Diego: Ich denke, es bringt Ordung. Ich mag es, dass Ordnung im Sammel-Markt herrscht. Andernfalls würde es zugehen wie an der Börse. Einige Leute würden Schaden erleiden, und am Ende mit einem Produkt dasitzen, das sie nicht haben wollen, oder das sie nicht trinken wollen, oder das sie nicht weiter verkaufen können. Wenn Ordnung herrscht, bedeutet das mehr Spaß für jeden.

MM: Wir brauchen also keinen Black Friday zu fürchten. Aber die Preise sind in letzter Zeit dramatisch gestiegen.

Diego: Ja, das ist schon verrückt. Es ist keine Blase, aber es muss bald aufhören.

MM: Wie werden sich deiner Meinung nach die Preise denn in der nahen Zukunft entwickeln?

Diego: Die Preise werden, aufhören, immer weiter zu klettern. Sie werden sich an einem bestimmten Punkt einpendeln. Aber die Top Flaschen, über die wir vorhin gesprochen haben, die mit den höchsten Punkten, die werden noch weiter steigen. Der Markt wird ganz gewiss nicht kollabieren, da bin ich sicher. Ich denke, Whisky ist eine gute Investition.

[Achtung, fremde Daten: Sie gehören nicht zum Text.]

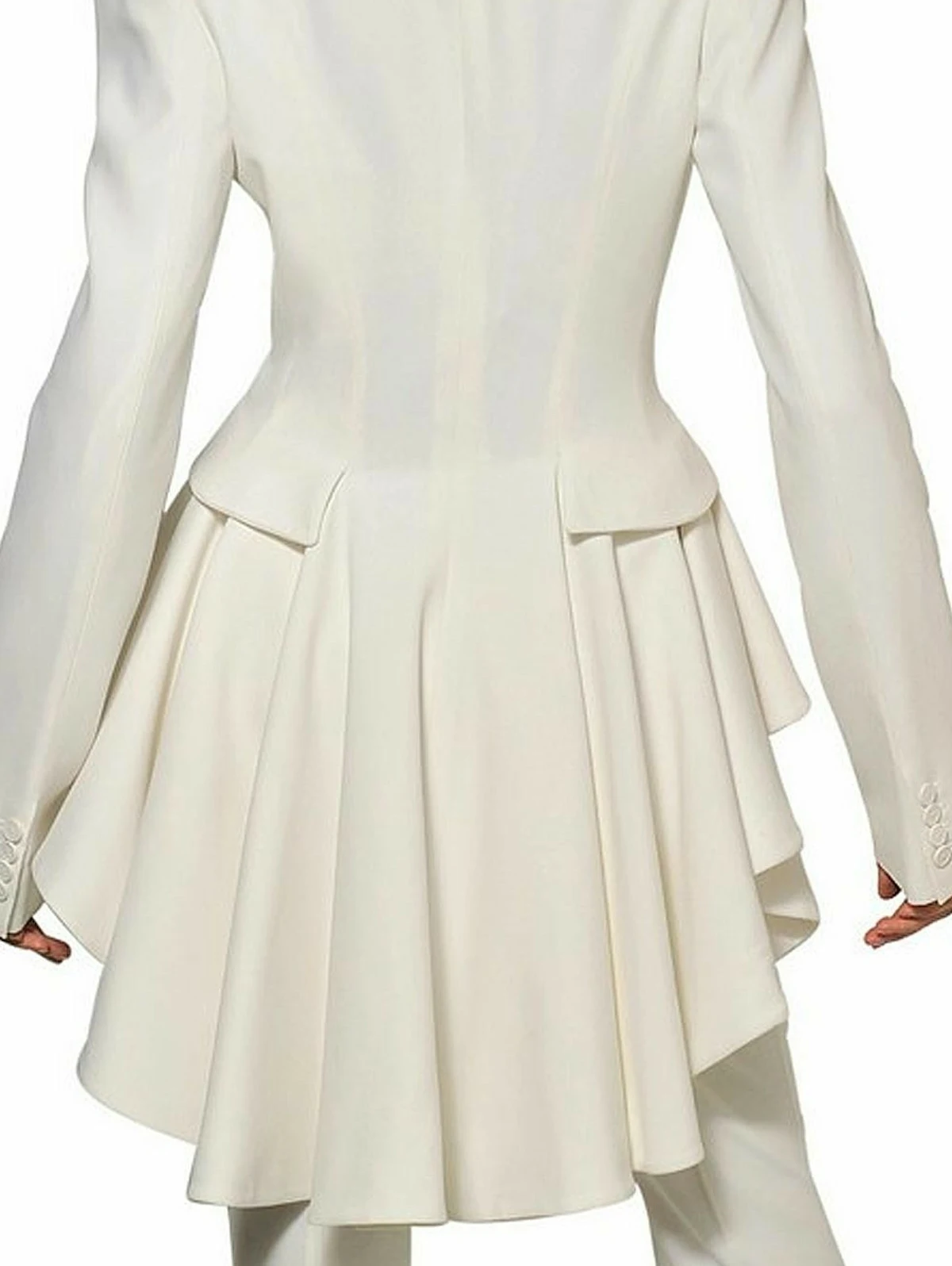 Chic Blazer Woman Spring Autumn Long Sleeve Stand Collar Solid Coat Slim Ruffle Casual Jackets Vintage Tailed Blazers Outwears

MM: Junge Leute von heute hatten ja keine Chance, vor zwanzig oder dreißig Jahren Whisky zu sammeln. Wenn sie jetzt eine Sammlung anlegen wollen, welchen Rat würdest du ihnen geben?

Diego: Zunächst einmal, sammle das, was dir gefällt. Du musst mögen, was du besitzt. Was Dollar und gesunden Menschenverstand anbelangt, würde ich vorschlagen, dass du zunächst darauf achtest, dass sich der Whisky gut trinken läßt. Sammle nichts, was mehr Schein als Sein verspricht, sondern sammle ein gutes Produkt. Das wird zumindest im Preis stabil bleiben. Wenn sich der Whisky nicht gut trinken lässt, kann der Preis fallen. Zweitens, achte darauf, dass die Flasche eine Vintage-Abfüllung ist oder eine Altersangabe trägt. Kaufe nichts ohne Altersangabe. Am besten mit einem hohen Alkohol-Gehalt, und bleib bei den echten Sturmtruppen, wie Islay, gute Speysider, mach keine Experimente mit anderen Sachen. Kaufe einfach alle 10jährigen, die du kriegen kannst, alle Laphroaigs in Fass-Stärke, und dann warte 20 Jahre. Es ist ganz einfach.

MM: Danke für dieses Interview, Diego.